▶ **Task description**
What you return should be the lines from the one with "大家好,小晋来为大家解答以下" through the one with "Given a threshold" in the data below, reproduced exactly with both ends, and no pictures at all.

▶ **The data**
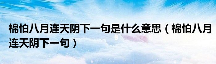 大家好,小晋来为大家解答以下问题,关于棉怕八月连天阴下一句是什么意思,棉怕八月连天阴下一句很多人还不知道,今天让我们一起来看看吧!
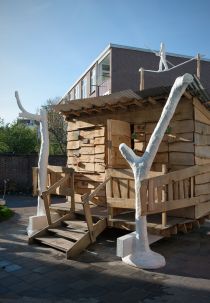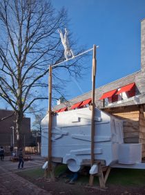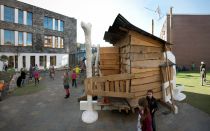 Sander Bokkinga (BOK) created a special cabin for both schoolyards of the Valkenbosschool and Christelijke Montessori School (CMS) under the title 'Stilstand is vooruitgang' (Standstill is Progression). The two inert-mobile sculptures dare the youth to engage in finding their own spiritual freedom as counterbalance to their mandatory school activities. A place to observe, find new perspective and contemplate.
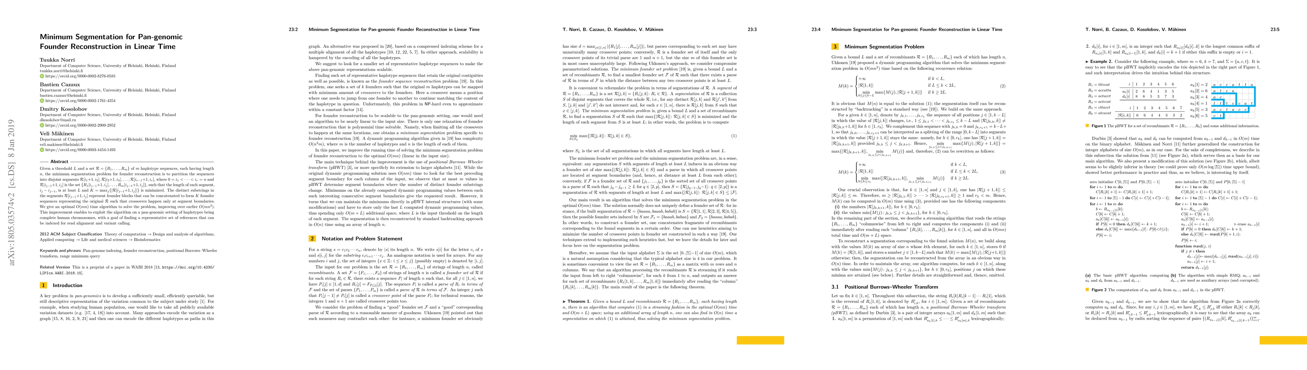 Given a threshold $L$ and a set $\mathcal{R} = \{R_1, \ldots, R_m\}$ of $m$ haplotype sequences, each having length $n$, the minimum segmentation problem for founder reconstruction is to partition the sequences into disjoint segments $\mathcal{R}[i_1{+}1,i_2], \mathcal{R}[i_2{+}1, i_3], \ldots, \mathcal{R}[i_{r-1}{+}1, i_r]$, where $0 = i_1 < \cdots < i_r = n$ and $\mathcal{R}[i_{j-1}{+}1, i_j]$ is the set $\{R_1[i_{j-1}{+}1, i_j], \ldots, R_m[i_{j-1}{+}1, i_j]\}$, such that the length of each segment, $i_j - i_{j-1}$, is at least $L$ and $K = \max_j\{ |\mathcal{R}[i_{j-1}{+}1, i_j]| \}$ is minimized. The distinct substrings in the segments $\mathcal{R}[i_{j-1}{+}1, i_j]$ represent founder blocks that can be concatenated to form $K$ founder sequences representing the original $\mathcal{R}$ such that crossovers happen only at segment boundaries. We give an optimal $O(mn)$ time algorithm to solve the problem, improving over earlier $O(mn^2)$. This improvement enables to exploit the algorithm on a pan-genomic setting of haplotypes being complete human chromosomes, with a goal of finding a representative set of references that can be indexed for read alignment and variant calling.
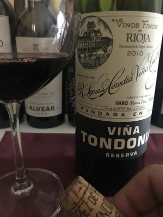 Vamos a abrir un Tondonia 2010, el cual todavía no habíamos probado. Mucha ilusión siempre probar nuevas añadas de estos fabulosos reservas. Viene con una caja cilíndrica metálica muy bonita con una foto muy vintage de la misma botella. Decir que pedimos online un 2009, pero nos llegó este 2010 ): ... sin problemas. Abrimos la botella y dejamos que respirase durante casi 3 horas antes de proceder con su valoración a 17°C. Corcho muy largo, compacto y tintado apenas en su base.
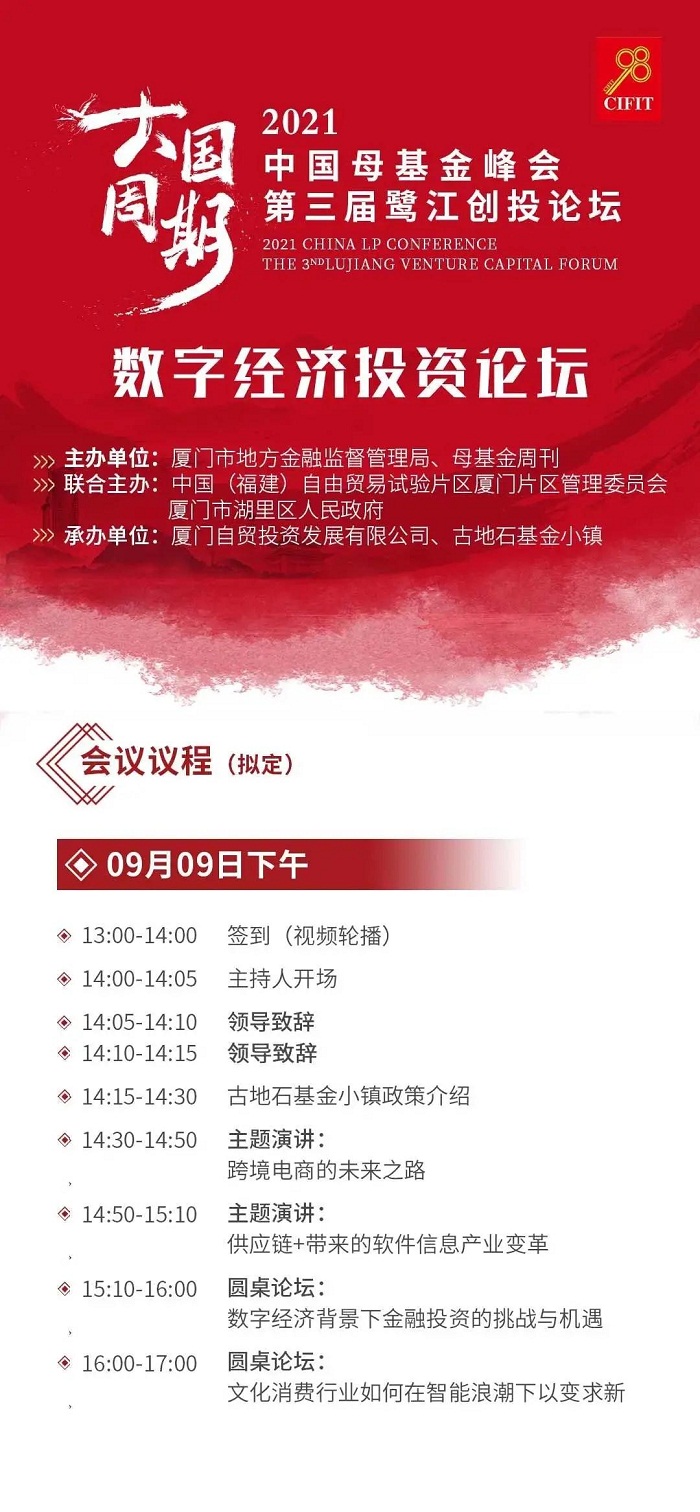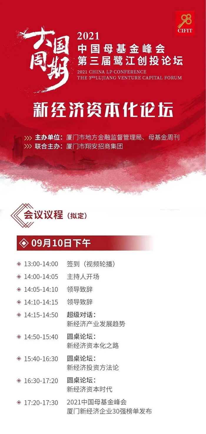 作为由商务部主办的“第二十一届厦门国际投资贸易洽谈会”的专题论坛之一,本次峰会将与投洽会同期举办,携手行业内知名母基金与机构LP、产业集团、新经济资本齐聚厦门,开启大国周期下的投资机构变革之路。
...
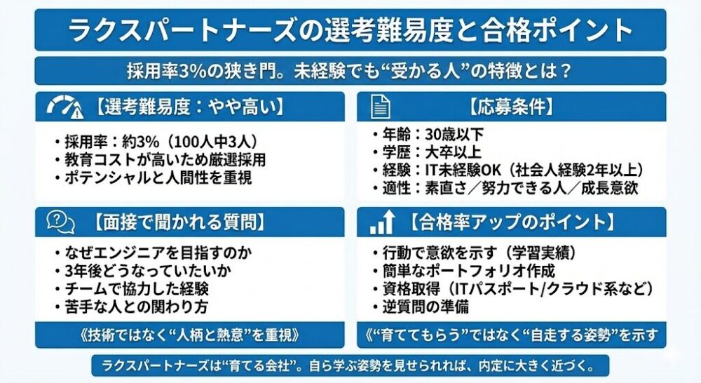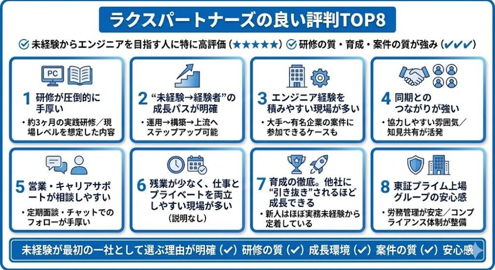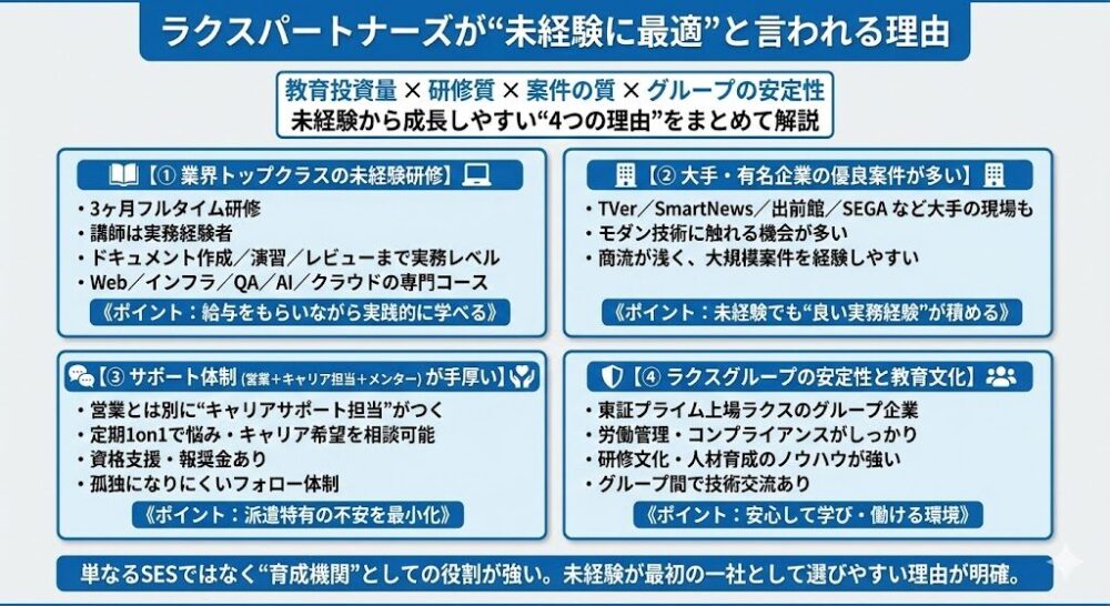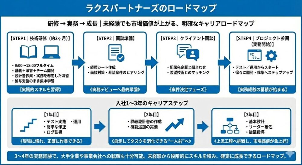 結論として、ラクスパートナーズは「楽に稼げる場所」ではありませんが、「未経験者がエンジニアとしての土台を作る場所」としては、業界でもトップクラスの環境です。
---
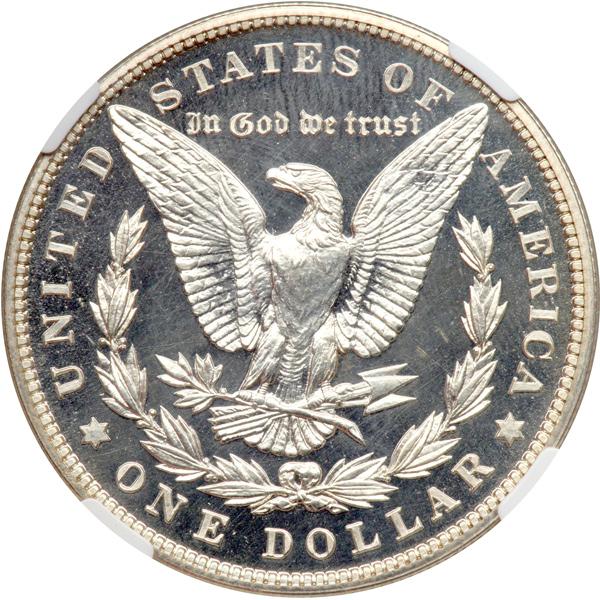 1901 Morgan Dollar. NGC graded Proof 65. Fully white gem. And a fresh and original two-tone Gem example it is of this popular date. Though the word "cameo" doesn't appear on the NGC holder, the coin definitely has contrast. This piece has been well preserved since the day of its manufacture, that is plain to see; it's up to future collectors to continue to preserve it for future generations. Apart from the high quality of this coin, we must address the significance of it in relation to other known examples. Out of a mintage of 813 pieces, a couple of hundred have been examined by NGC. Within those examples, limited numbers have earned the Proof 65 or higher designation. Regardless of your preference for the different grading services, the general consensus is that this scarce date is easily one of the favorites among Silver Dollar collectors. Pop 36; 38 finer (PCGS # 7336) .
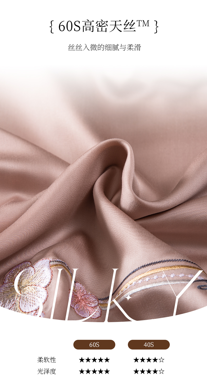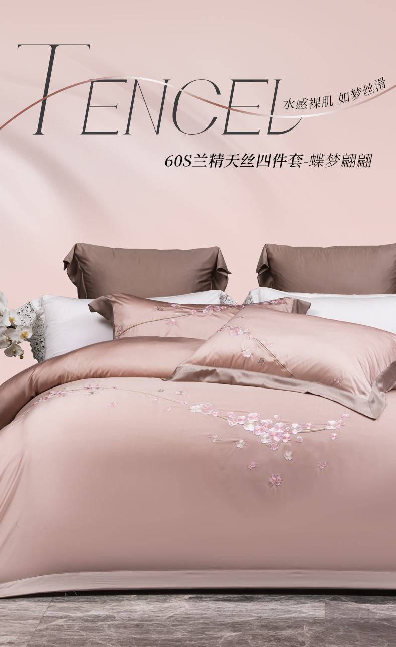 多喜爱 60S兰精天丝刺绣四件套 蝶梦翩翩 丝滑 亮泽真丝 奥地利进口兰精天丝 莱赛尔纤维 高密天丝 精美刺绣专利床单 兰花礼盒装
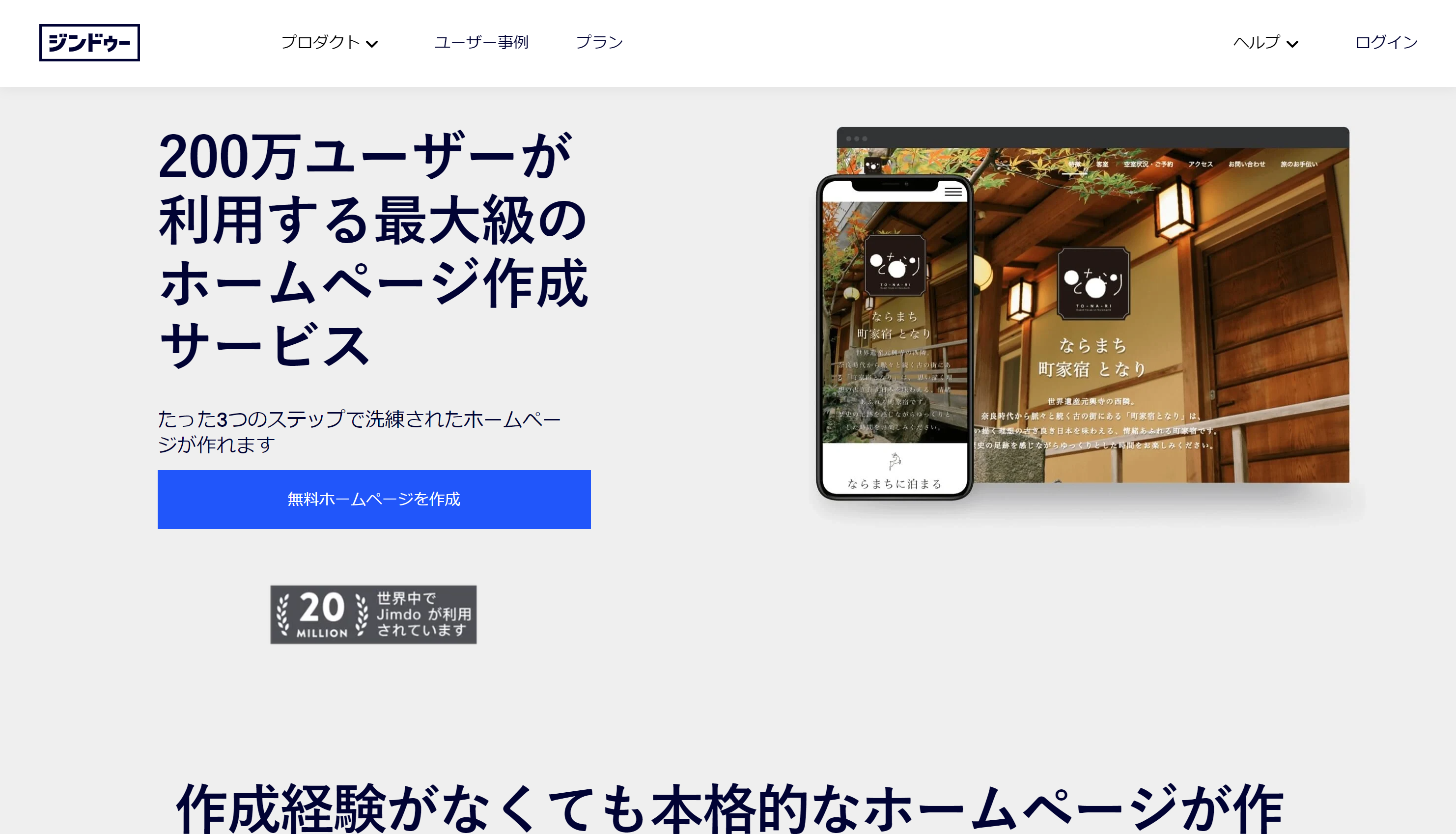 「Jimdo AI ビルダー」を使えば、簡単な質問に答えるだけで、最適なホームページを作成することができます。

▶ **Answer box**
 大家好,小晋来为大家解答以下问题,关于棉怕八月连天阴下一句是什么意思,棉怕八月连天阴下一句很多人还不知道,今天让我们一起来看看吧!
 Sander Bokkinga (BOK) created a special cabin for both schoolyards of the Valkenbosschool and Christelijke Montessori School (CMS) under the title 'Stilstand is vooruitgang' (Standstill is Progression). The two inert-mobile sculptures dare the youth to engage in finding their own spiritual freedom as counterbalance to their mandatory school activities. A place to observe, find new perspective and contemplate.
 Given a threshold $L$ and a set $\mathcal{R} = \{R_1, \ldots, R_m\}$ of $m$ haplotype sequences, each having length $n$, the minimum segmentation problem for founder reconstruction is to partition the sequences into disjoint segments $\mathcal{R}[i_1{+}1,i_2], \mathcal{R}[i_2{+}1, i_3], \ldots, \mathcal{R}[i_{r-1}{+}1, i_r]$, where $0 = i_1 < \cdots < i_r = n$ and $\mathcal{R}[i_{j-1}{+}1, i_j]$ is the set $\{R_1[i_{j-1}{+}1, i_j], \ldots, R_m[i_{j-1}{+}1, i_j]\}$, such that the length of each segment, $i_j - i_{j-1}$, is at least $L$ and $K = \max_j\{ |\mathcal{R}[i_{j-1}{+}1, i_j]| \}$ is minimized. The distinct substrings in the segments $\mathcal{R}[i_{j-1}{+}1, i_j]$ represent founder blocks that can be concatenated to form $K$ founder sequences representing the original $\mathcal{R}$ such that crossovers happen only at segment boundaries. We give an optimal $O(mn)$ time algorithm to solve the problem, improving over earlier $O(mn^2)$. This improvement enables to exploit the algorithm on a pan-genomic setting of haplotypes being complete human chromosomes, with a goal of finding a representative set of references that can be indexed for read alignment and variant calling.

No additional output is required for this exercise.